When Americans encountered the police in their cars, they grappled with an unsettling question: shorn of political labels, what kind of society had the United States become? The “hatred that Americans can bestow upon others for no crime at all,” one wrote to the ACLU, had made him “afraid of my own Nation.” He implored the civil liberties organization to “do something that is tangible to prevent the inward destruction of our Nation.”

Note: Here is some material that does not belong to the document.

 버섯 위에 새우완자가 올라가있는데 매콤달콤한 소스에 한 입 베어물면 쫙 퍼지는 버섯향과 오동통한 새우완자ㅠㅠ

These drivers were beginning to form their own ideas about democratic policing, or at least what it was not. What they experienced, they concluded, was not policing that represented a free society. In conflicts with the police that unfolded daily on the streets and in their cars, many individuals sensed that something was fundamentally, constitutionally wrong. The problem was not just lawless police. The problem was also a legal system that provided insufficient remedies for innocent victims of arbitrary policing.